Oral Arguments Heard in Fort Collins Topless Ban Case

‘Free the Nipple’ fight against the city ordinance reaches 10th Circuit

A lawsuit challenging the City of Fort Collins’ topless ban has reached the 10th Circuit Court of Appeals. Brittiany Hoagland, founder of the Fort Collins chapter of Free the Nipple, and group member Samantha Six are listed alongside the organization itself as plaintiffs in the lawsuit. The 10th Circuit heard oral arguments earlier this month after the federal district court granted a preliminary injunction against the city.

The original complaint brought by the plaintiffs cited the First Amendment, but that argument was dismissed at the federal district court. Plaintiffs argued the ordinance violates the equal protection clause of the 14th Amendment and Colorado’s equal rights amendment. The city declined to comment on the case. 


Fort Collins’ ordinance states that “no female who is 10 years of age or older shall knowingly appear in any public place with her breast exposed below the top of the areola and nipple while located” in public. In August 2015, Hoagland protested the ordinance by standing shirtless (but with her nipples covered) on the street in Fort Collins near Colorado State University. Punishment for violation of the ordinance includes up to a $2,650 fine, 180 days in jail or both.

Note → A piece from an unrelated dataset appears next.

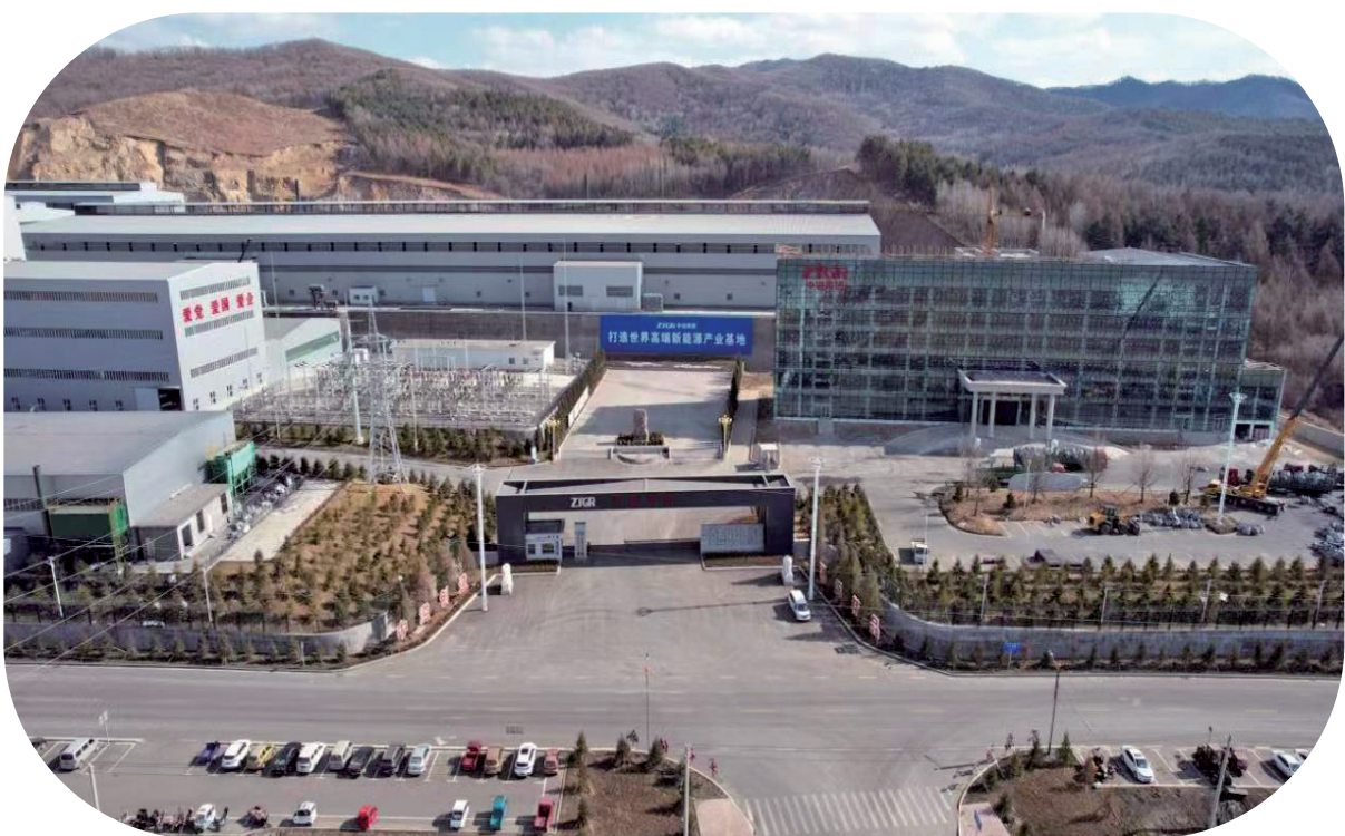
中溢集团年产30万吨新能源负极材料项目已完成投资32亿元。一期项目正在进行厂房、车间主体施工及设备购置安装,预计下半年投产6万吨。

柳河县将项目建设作为经济社会高质量发展的“压舱石”和“推进器”,积极构建科学高效的重大项目工作机制,全力打造营商环境高地、投资洼地、创业福地。

After Hoagland’s protest, the city discussed modification and repeal of the ordinance at a city council meeting in October, but the revised ordinance that passed in November kept the language prohibiting women from showing their breasts in a public space. Both versions of the law exempt breastfeeding mothers, an exception that Killmer Lane & Newman associate Andrew McNulty said is “telling.”

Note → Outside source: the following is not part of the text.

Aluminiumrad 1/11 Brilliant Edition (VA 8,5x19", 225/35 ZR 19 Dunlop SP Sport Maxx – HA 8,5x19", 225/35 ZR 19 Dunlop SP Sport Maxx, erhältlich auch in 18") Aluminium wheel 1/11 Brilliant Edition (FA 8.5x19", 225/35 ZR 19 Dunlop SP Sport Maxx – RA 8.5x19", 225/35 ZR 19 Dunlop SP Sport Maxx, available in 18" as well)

“It’s saying when a breast is out for breastfeeding, that is fine, but a normal breast is just sexual,” he said. “It kind of shows how the city views breasts as sexual objects unless they’re doing something that traditionally has been viewed as nonsexual.”

Attorney for the City of Fort Collins Andrew Ringel stated that in the case of Loving v. Virginia, the U.S. Supreme Court held that the 14th Amendment requires “invidious” discrimination. Ringel said that although the ordinance differentiates between male and female breasts, the distinction did not reach the level of discrimination. He also cited concerns about topless women in public when children are present. 

Ringel argued that a woman choosing to go topless and a mother breastfeeding are not the same. Judge Mary Beck Briscoe pushed back on that point during oral arguments.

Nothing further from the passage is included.